Plato suggests that The Good is known by analogy; we approach it by studying one form after another, from particulars to generals, or from physical to patterns to consistent repeaters to Forms. I think the neo-Platonic accretion of some metaphysical realm where the perfect form of "chair" floats about for eternity is a canard. Rather, the Forms are those principle patterns from which all other form or structure emanates - descending into matter and taking on the incarnate form of crystalline structure in the material world. Not a Gnostic hatred of the physical, but rather that the physical is connected to something far far greater. That greater thing, greater even than Being qua being is The Good. To learn of it we study the Forms in their various manifestations and acquire a vision of the beauty of life's structure.

But Plato fails.

The vision he provides is magnificent and can indeed create a great hope in us of the complexity, beauty and immensity of which we are but a small part. Yet his philosophy offers no consolation for our own misery. It is little consolation to suggest that we are part of a greater beautiful pattern, or that death allows us to see what is behind these pasteboard masks, or that we can face terror (the Minotaur) gracefully. We still are in our misery. Moreover, we don't really live by philosophy, even philosophy as great as this. We live and are inspired by the knowledge that another greater than we suffered and died and endured all those things the worst of which we too endure and yet never gave in to the animalian desire to despair. Thus The Christ surpasses Socrates b/c the image of His death provides us with encouragement that another (whether in historic reality or mythological reality) was able to overcome human pain through love; to hang on to humanity and endure the worst dregs of suffering.

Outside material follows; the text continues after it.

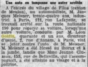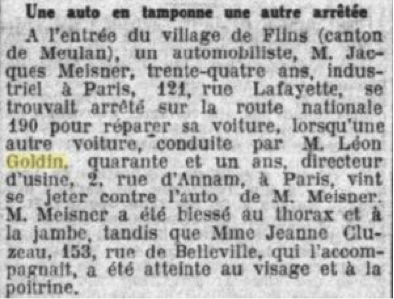 Le niveau de vie de Léon est suffisamment élevé pour lui permettre d’avoir une automobile, ce qui est encore assez rare avant la Seconde Guerre mondiale. Et, c’est avec cette voiture, en 1928, que Léon Goldin a un accident. Son nom apparaît dans la rubrique des faits divers du Petit Parisien du 23 février 1928. À l’entrée du village de Flins, Léon a tamponné la voiture de Jacques Meismer 34 ans industriel à Paris, arrêté sur la route départementale 190 pour la réparer. M. Meismer a été blessé au thorax et à la jambe, Mme Jeanne Cluzeau, sa passagère a été atteinte au visage et à la poitrine. Léon Goldin, 41 ans, est mentionné comme directeur d’usine, habitant 2 rue d’Annam à Paris 20e arrondissement.

I've been called a neo-Platonist pagan. No. Plato is phenomenal and in many ways his philosophy surpasses the modernist philosophy of the doctrinalist Christian. But the early Church and indeed those things most powerful in the Church are themselves based on the Platonic imagery, improve it, and perfect it. Where Socrates died in a mythical peace of hemlock-induced calm, I, like the Christ, might be less fortunate. And when the time comes to call for mercy and help it will be to the Anointed one and not to the philosopher that I make moan.